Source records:

--------

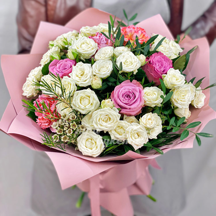 Букет белых куст. роз и розовых гвоздик
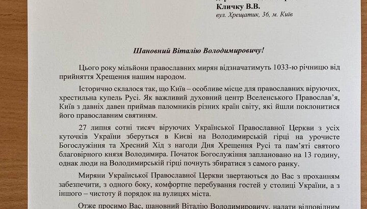 The “Miriane” division in Kyiv sent a request to the city mayor to assist in the preparation and conduct of the Cross Procession dedicated the Baptism of Rus holiday.
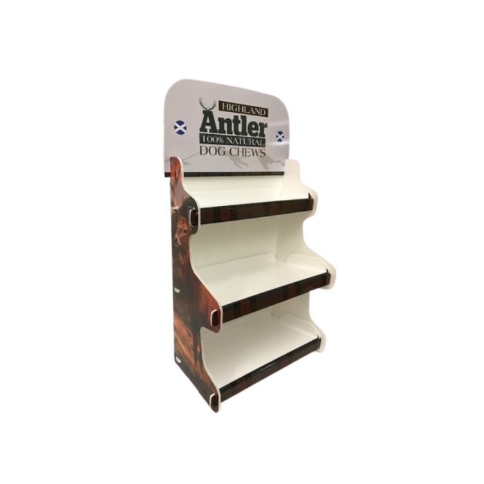 Præsenter jeres Antlers på en pæn måde i klinikken eller butikken med denne fine Displaykasse. Har tre hylder, så der er en hylde til hver størrelse. Mål: Højde = 53 cm Bredde = 30 cm Dybde = 16 cm
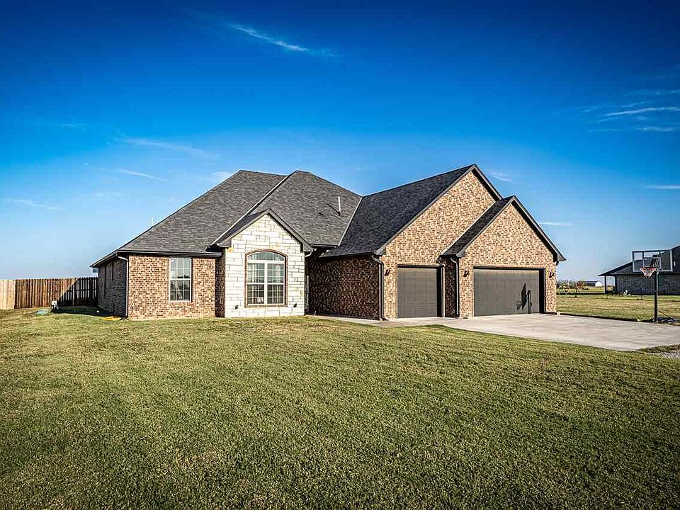This beautifully designed home features an open, mother-in-law floor plan, and sits on 3+/- acres. You'll find it configured with either 4 spacious bedrooms or 3 bedrooms plus a dedicated office with 2 full bathrooms. Indulge your inner chef in the country kitchen, complete with a generous island and breakfast bar, abundant counter and storage space. This includes a sleek slide-in range and a convenient single wall oven, ideal for all your holiday culinary endeavors. The living room is a true highlight, boasting a cozy ventless gas fireplace, soaring 10-foot ceilings, and oversized windows that look over the massive backyard. The above ground safe room is located on the back patio. This property has a 3 car garage with access to a floored attic perfect for stowing away holiday decorations. There is ample outdoor space for RV parking, hot tub on the back patio, and above ground pool in the backyard. Call Laira at Real Estate Experts for your private tour... 580-248-2600.
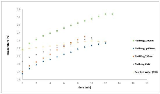 The initial examination of the developed magnetic hyperthermia (MH) system as presented in this article involved the use of commercially available MNPs. These MNPs were carefully chosen based on a comprehensive review of the literature, highlighting their positive results [25,26,27,28,29]. Their characteristics and designations are detailed in Table 3. Hence, seven different iron-oxide-based magnetic liquid samples from Chemicell GmbH (Berlin, Germany) were evaluated (Table 4), following studies by Kallumadil et al. [26]); Yaremenko, A.V et al. [30]; and Wang, Huang et al. [31]. These samples varied in size and core-shell configurations, all featuring a magnetite core. The MNPs had previously undergone comprehensive testing and characterization, particularly concerning their hydrodynamic diameters.
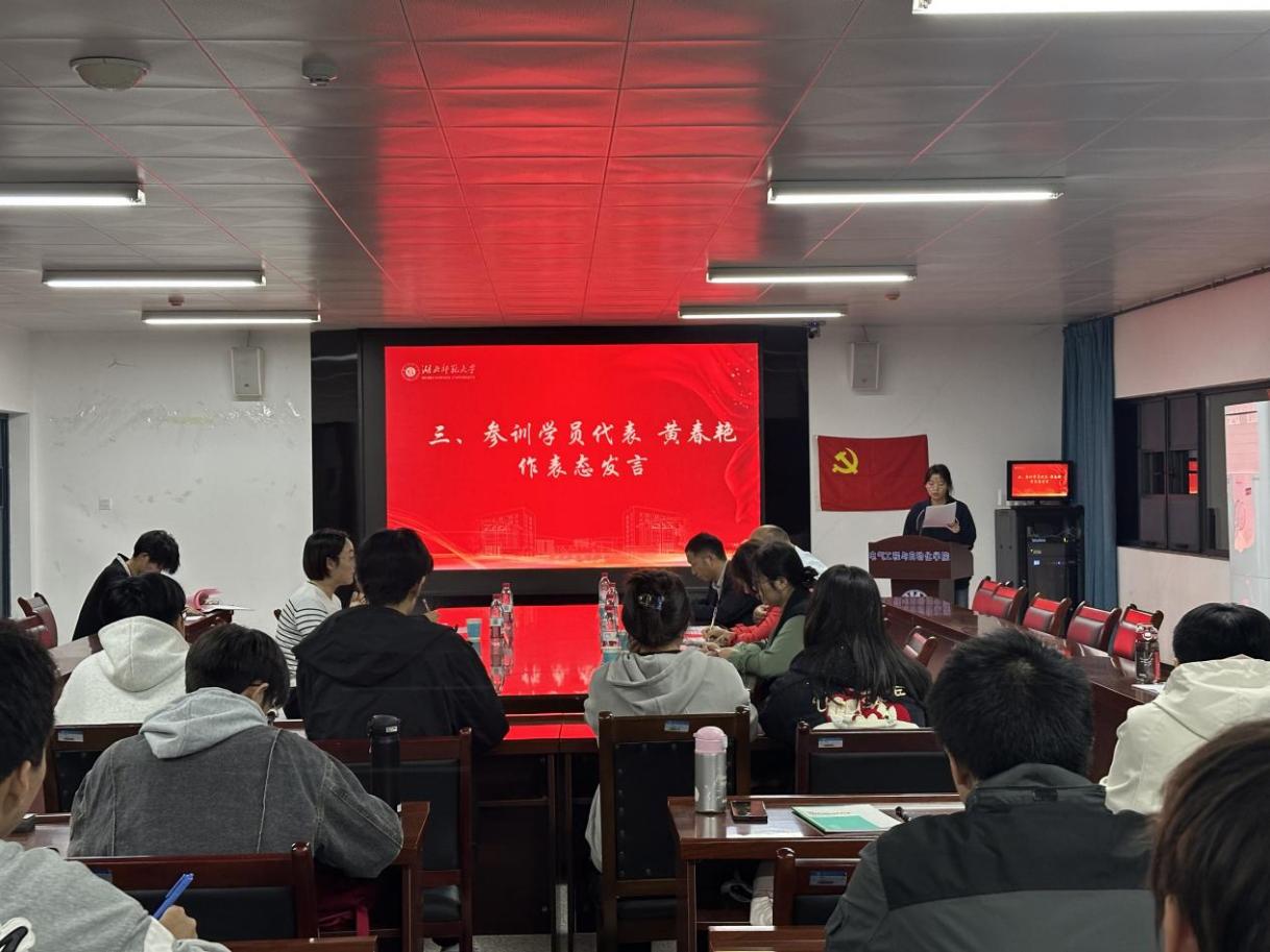 材料学院2401班黄春艳作为学员代表发言。她代表全体学员感谢学校及学院提供的宝贵学习机会,并结合青年使命,提出与同学们共勉的三种品质:一是锤炼“不畏浮云遮望眼”的理论清醒,将党的理论转化为分析问题的思想武器;二是锤炼“宝剑锋从磨砺出”的党性坚韧,以恒心深化思想认识;三是锤炼“绝知此事要躬行”的实干精神,把理想信念落实到专业学习与日常行动中,表达了全体学员争取早日入党、贡献青春力量的决心。
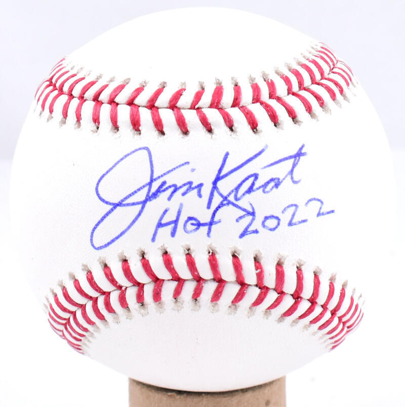 Jim Kaat Autographed Rawlings OML Baseball w/ HOF - Beckett W Hologram *Blue This is a hand autographed Baseball of Jim Kaat. Inscribed HOF 2022. This is a Rawlings Official Game Ball Major League Baseball. This item has a Beckett Witness Authentication, which comes with a Beckett numbered hologram and a QR code for verification. You can view this item on the Beckett website and it shows when and where the item was signed. It was signed either at a public autograph appearance or a private signing. This is a stock photo of the item. Although you may not receive this exact item, the item you receive is virtually identical and brand new in great shape.

--------

• Your assignment
Could you retype all the entries exactly, skipping the pictures?

• Task solution
 Букет белых куст. роз и розовых гвоздик
 The “Miriane” division in Kyiv sent a request to the city mayor to assist in the preparation and conduct of the Cross Procession dedicated the Baptism of Rus holiday.
 Præsenter jeres Antlers på en pæn måde i klinikken eller butikken med denne fine Displaykasse. Har tre hylder, så der er en hylde til hver størrelse. Mål: Højde = 53 cm Bredde = 30 cm Dybde = 16 cm
This beautifully designed home features an open, mother-in-law floor plan, and sits on 3+/- acres. You'll find it configured with either 4 spacious bedrooms or 3 bedrooms plus a dedicated office with 2 full bathrooms. Indulge your inner chef in the country kitchen, complete with a generous island and breakfast bar, abundant counter and storage space. This includes a sleek slide-in range and a convenient single wall oven, ideal for all your holiday culinary endeavors. The living room is a true highlight, boasting a cozy ventless gas fireplace, soaring 10-foot ceilings, and oversized windows that look over the massive backyard. The above ground safe room is located on the back patio. This property has a 3 car garage with access to a floored attic perfect for stowing away holiday decorations. There is ample outdoor space for RV parking, hot tub on the back patio, and above ground pool in the backyard. Call Laira at Real Estate Experts for your private tour... 580-248-2600.
 The initial examination of the developed magnetic hyperthermia (MH) system as presented in this article involved the use of commercially available MNPs. These MNPs were carefully chosen based on a comprehensive review of the literature, highlighting their positive results [25,26,27,28,29]. Their characteristics and designations are detailed in Table 3. Hence, seven different iron-oxide-based magnetic liquid samples from Chemicell GmbH (Berlin, Germany) were evaluated (Table 4), following studies by Kallumadil et al. [26]); Yaremenko, A.V et al. [30]; and Wang, Huang et al. [31]. These samples varied in size and core-shell configurations, all featuring a magnetite core. The MNPs had previously undergone comprehensive testing and characterization, particularly concerning their hydrodynamic diameters.
 材料学院2401班黄春艳作为学员代表发言。她代表全体学员感谢学校及学院提供的宝贵学习机会,并结合青年使命,提出与同学们共勉的三种品质:一是锤炼“不畏浮云遮望眼”的理论清醒,将党的理论转化为分析问题的思想武器;二是锤炼“宝剑锋从磨砺出”的党性坚韧,以恒心深化思想认识;三是锤炼“绝知此事要躬行”的实干精神,把理想信念落实到专业学习与日常行动中,表达了全体学员争取早日入党、贡献青春力量的决心。
 Jim Kaat Autographed Rawlings OML Baseball w/ HOF - Beckett W Hologram *Blue This is a hand autographed Baseball of Jim Kaat. Inscribed HOF 2022. This is a Rawlings Official Game Ball Major League Baseball. This item has a Beckett Witness Authentication, which comes with a Beckett numbered hologram and a QR code for verification. You can view this item on the Beckett website and it shows when and where the item was signed. It was signed either at a public autograph appearance or a private signing. This is a stock photo of the item. Although you may not receive this exact item, the item you receive is virtually identical and brand new in great shape.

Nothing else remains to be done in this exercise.